__Available data__.
···
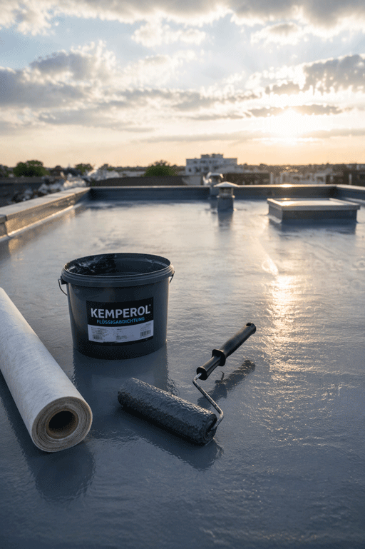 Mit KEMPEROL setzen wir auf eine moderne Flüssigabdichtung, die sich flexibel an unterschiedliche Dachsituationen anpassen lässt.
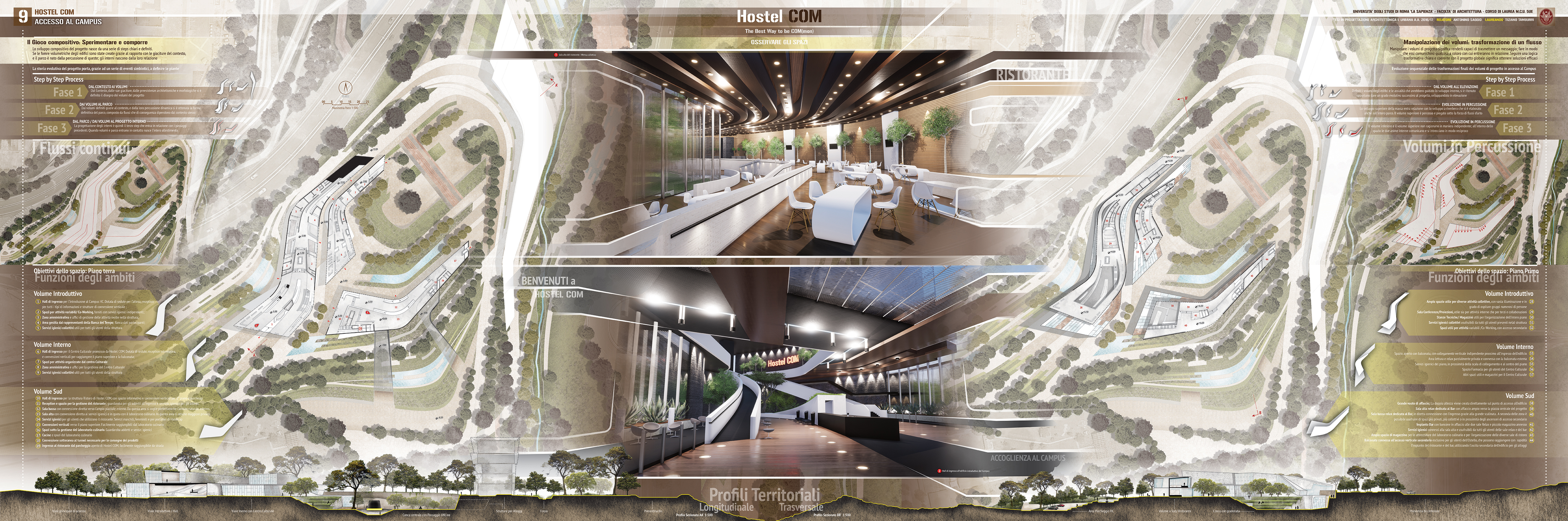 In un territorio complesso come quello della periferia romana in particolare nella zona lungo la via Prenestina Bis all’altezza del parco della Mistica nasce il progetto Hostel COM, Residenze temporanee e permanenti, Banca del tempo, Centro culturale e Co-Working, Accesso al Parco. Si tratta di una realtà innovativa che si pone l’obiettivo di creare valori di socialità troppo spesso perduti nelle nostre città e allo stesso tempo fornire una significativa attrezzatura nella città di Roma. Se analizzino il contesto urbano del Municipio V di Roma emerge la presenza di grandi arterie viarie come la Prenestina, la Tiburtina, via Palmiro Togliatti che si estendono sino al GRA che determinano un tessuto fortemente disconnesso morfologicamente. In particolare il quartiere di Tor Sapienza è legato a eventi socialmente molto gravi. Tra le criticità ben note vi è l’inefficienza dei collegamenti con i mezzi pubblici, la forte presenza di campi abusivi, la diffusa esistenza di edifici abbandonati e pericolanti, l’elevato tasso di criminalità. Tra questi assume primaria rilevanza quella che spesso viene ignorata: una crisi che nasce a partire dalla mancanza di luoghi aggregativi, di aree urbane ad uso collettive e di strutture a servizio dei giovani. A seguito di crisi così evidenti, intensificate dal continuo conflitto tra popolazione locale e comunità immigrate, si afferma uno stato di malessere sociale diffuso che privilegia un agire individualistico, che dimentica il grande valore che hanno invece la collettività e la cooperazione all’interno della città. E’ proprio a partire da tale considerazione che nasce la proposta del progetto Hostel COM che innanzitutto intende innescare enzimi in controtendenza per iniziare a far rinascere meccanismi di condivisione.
···
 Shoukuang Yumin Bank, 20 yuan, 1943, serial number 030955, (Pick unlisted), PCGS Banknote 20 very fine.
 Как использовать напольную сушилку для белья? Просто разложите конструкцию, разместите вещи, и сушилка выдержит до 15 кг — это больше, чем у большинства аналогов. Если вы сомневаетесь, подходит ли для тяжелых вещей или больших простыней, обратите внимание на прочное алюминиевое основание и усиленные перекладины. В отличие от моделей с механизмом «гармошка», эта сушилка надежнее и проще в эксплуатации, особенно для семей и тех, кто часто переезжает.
···
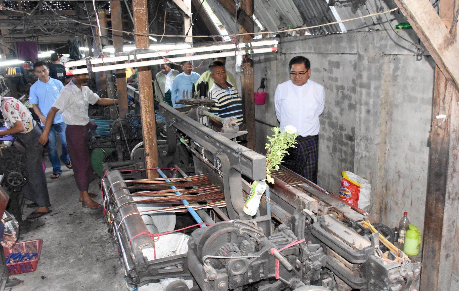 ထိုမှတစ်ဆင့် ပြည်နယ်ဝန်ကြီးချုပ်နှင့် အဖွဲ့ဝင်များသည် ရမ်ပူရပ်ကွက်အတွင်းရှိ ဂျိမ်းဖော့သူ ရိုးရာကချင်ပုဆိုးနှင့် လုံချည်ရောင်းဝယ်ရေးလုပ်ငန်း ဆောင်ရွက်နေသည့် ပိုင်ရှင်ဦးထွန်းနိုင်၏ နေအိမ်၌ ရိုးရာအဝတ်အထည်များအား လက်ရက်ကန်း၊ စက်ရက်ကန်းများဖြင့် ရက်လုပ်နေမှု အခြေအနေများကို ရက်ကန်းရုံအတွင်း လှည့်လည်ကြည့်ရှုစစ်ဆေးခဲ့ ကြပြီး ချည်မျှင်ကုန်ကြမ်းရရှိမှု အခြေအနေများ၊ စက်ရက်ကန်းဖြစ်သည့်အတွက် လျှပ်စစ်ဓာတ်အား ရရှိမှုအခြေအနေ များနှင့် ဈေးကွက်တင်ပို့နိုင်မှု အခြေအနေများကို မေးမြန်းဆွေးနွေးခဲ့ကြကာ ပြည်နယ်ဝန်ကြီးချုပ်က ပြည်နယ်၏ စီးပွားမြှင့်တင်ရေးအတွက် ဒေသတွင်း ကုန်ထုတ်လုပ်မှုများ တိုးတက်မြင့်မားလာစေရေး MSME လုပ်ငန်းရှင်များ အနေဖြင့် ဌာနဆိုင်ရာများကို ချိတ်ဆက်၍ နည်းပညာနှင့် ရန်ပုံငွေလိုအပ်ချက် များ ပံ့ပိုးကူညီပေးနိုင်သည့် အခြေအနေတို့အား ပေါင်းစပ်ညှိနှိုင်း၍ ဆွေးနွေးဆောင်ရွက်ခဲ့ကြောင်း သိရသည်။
···
__Task brief__.
Output only an exact transcription of the lines above from the one with "Shoukuang Yumin Bank, 20" up to and including the one with "Как использовать напольную".

__Response__.
 Shoukuang Yumin Bank, 20 yuan, 1943, serial number 030955, (Pick unlisted), PCGS Banknote 20 very fine.
 Как использовать напольную сушилку для белья? Просто разложите конструкцию, разместите вещи, и сушилка выдержит до 15 кг — это больше, чем у большинства аналогов. Если вы сомневаетесь, подходит ли для тяжелых вещей или больших простыней, обратите внимание на прочное алюминиевое основание и усиленные перекладины. В отличие от моделей с механизмом «гармошка», эта сушилка надежнее и проще в эксплуатации, особенно для семей и тех, кто часто переезжает.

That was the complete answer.